= ʻAlí-Muhammad Varqá =

Baha'i college professor

ʻAlí-Muhammad Varqá (علي محمد ورقا;‎ 1911 – 22 September 2007) was a prominent adherent of the Baháʼí Faith. He was the longest surviving Hand of the Cause of God, an appointed position in the Baháʼí Faith whose main function is to propagate and protect the religion on the international level.

Varqá was born in 1911 in Tehran, Iran to a well-known Iranian Baháʼí family. His grandfather Mírzá ʻAlí-Muhammad Varqá, from whom he received his name, was an Apostle of Baháʼu'lláh, and his father, Valíyu'lláh Varqá, was also a Hand of the Cause.
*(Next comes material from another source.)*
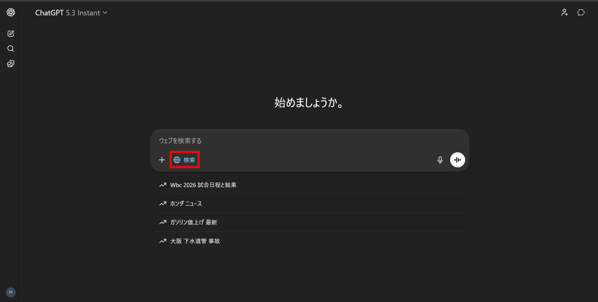 メッセージウィンドウに「検索」と表示されていれば、回答生成時にWeb検索が使用されます。
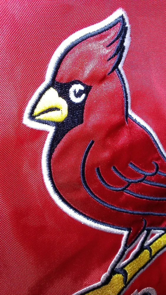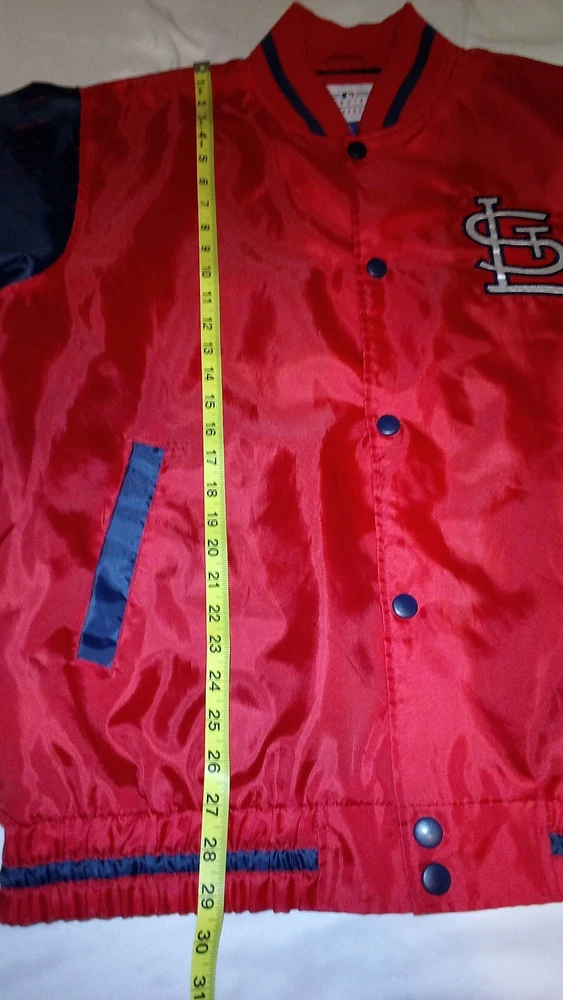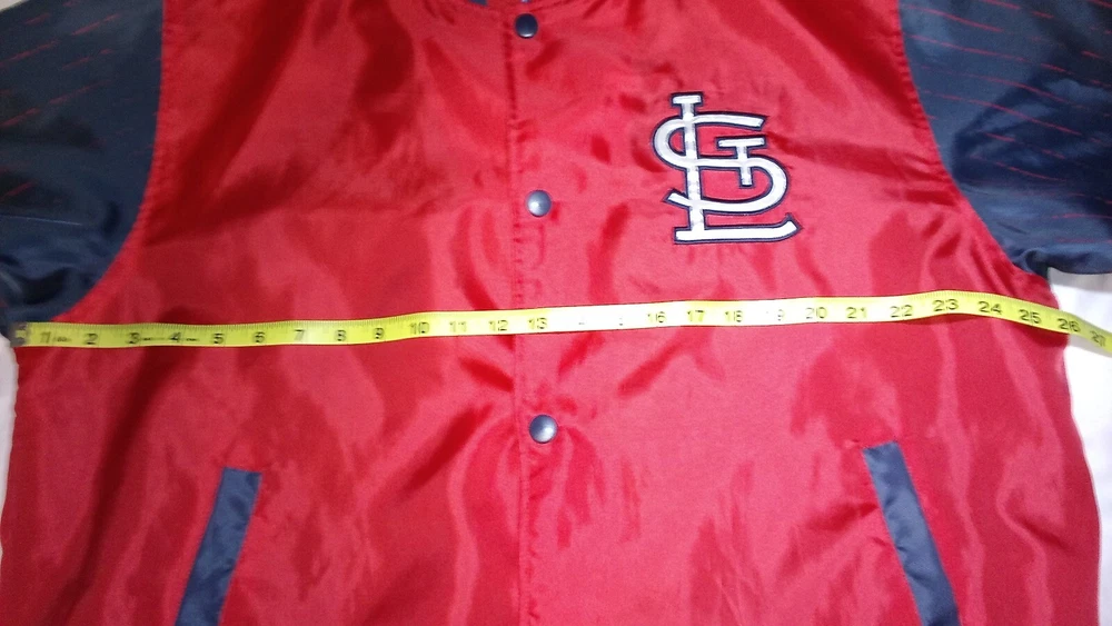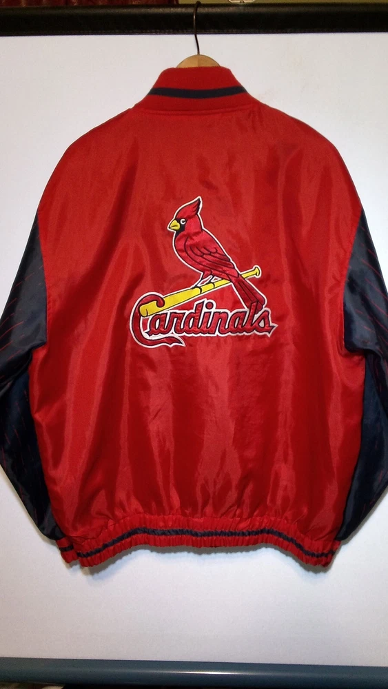 Vintage Sz Lg St. Louis Cardinals Snap Close Windbreaker Genuine Merchandise MLB. Clean with no stains or tears or any visible defects that I can see. Normal signs of wash and wear only. Big cardinal embroidery on the back. See pictures for details and condition and dimensions before purchasing. Money back if you aint happy

Varqá moved to Paris and studied at the Sorbonne, where he obtained a doctorate in 1950. He then returned to Iran and taught at the universities of Tehran and Tabriz. During this time, he also served in various administrative capacities in the Baháʼí community of Iran.

After his father's death, Varqá was appointed as a Hand of the Cause by Shoghi Effendi on November 15, 1955. He served in that capacity for 52 years until his death in 2007, and was the last surviving Hand of the Cause. As part of his role, he travelled to many countries, and attended the first Baháʼí national conventions of many countries including Belgium and Central African Republic. He also served as the trustee of Huqúqu'lláh since 1955, a role which his father also held.

In 1979, he moved to Canada and later to Haifa, Israel where the Baháʼí World Centre is located. He died on 22 September 2007 in Haifa and was buried in the Baháʼí cemetery there.